═════ Listed records ═════

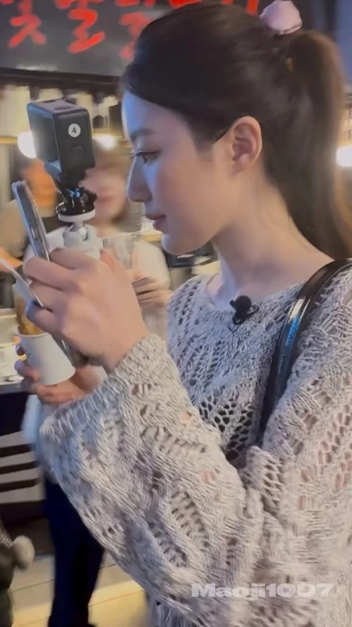 舒華在被巧遇的當時,正在與女團tripleS成員琉然錄製外景節目,而在另個畫面當中,她將秀髮綁成俐落的高馬尾,精緻五官和吹彈可破的白皙皮膚,讓在場所有人都看得目不轉睛。
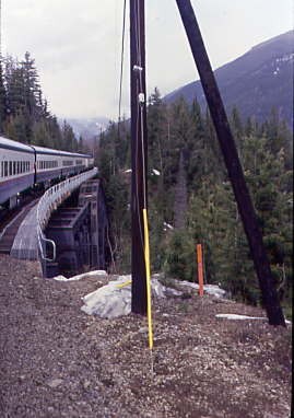 Rogers, where the new line through the Mount MacDonald Tunnel Line meets the original Canadian Pacific line. Far below is the westbound line that the railway built which uses the Mount Macdonald Tunnel, the longest rail tunnel in North America.
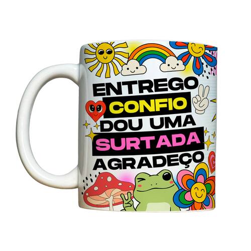 Caneca 325ml Vibes Entrego confio dou uma surtada agradeçoIdeal para você ou presentear!Serve para ornamento decorativo, vaso, porta lápis, porta treco, caneca, etcCapacidade: 325mlTamanho: Altura: 9,5cm – Largura (Alça): 12cm – Diâmetro: 8cmMaterial: CerâmicaProduto novo com caixaVALOR UNITÁRIOLavar antes do usoNão usar lava-louçasNão usar a parte verde da esponjaPode ir no micro-ondas, mas evite o excesso e uso prolongadoLavar com esponja maciaQuedas ou choques podem danificar o produtoNão utilizar limpa alumínio e saponáceos Marca: LARANJA E MIMOS
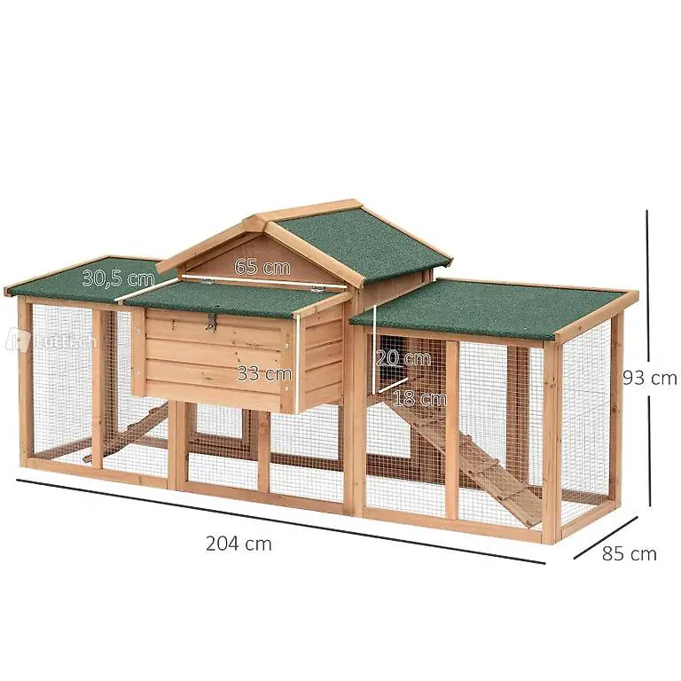 Geflügelstall Tannenholz Metalldraht Natur 204 x 85 x 93 cm
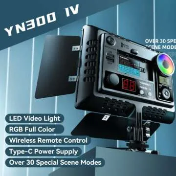 Show more Illuminate your creative vision with the YONGNUO YN300 IV LED Video Panel Light. This advanced lighting solution is designed specifically for content creators, photographers, and videographers who demand flexibility and quality. Featuring a powerful combination of 316 high CRI LED beads and 60 RGB full-color SMD lights, it provides a spectrum of vivid lighting effects to enhance your projects. Whether you're shooting in a controlled studio or a dynamic environment, this panel light offers a reliable range of color temperatures from 3200K to 5600K, allowing you to match the ambiance perfectly.

═════

*Task*: Please provide a faithful transcription of all the data, pictures excluded.

*Exercise solution*:
 舒華在被巧遇的當時,正在與女團tripleS成員琉然錄製外景節目,而在另個畫面當中,她將秀髮綁成俐落的高馬尾,精緻五官和吹彈可破的白皙皮膚,讓在場所有人都看得目不轉睛。
 Rogers, where the new line through the Mount MacDonald Tunnel Line meets the original Canadian Pacific line. Far below is the westbound line that the railway built which uses the Mount Macdonald Tunnel, the longest rail tunnel in North America.
 Caneca 325ml Vibes Entrego confio dou uma surtada agradeçoIdeal para você ou presentear!Serve para ornamento decorativo, vaso, porta lápis, porta treco, caneca, etcCapacidade: 325mlTamanho: Altura: 9,5cm – Largura (Alça): 12cm – Diâmetro: 8cmMaterial: CerâmicaProduto novo com caixaVALOR UNITÁRIOLavar antes do usoNão usar lava-louçasNão usar a parte verde da esponjaPode ir no micro-ondas, mas evite o excesso e uso prolongadoLavar com esponja maciaQuedas ou choques podem danificar o produtoNão utilizar limpa alumínio e saponáceos Marca: LARANJA E MIMOS
 Geflügelstall Tannenholz Metalldraht Natur 204 x 85 x 93 cm
 Show more Illuminate your creative vision with the YONGNUO YN300 IV LED Video Panel Light. This advanced lighting solution is designed specifically for content creators, photographers, and videographers who demand flexibility and quality. Featuring a powerful combination of 316 high CRI LED beads and 60 RGB full-color SMD lights, it provides a spectrum of vivid lighting effects to enhance your projects. Whether you're shooting in a controlled studio or a dynamic environment, this panel light offers a reliable range of color temperatures from 3200K to 5600K, allowing you to match the ambiance perfectly.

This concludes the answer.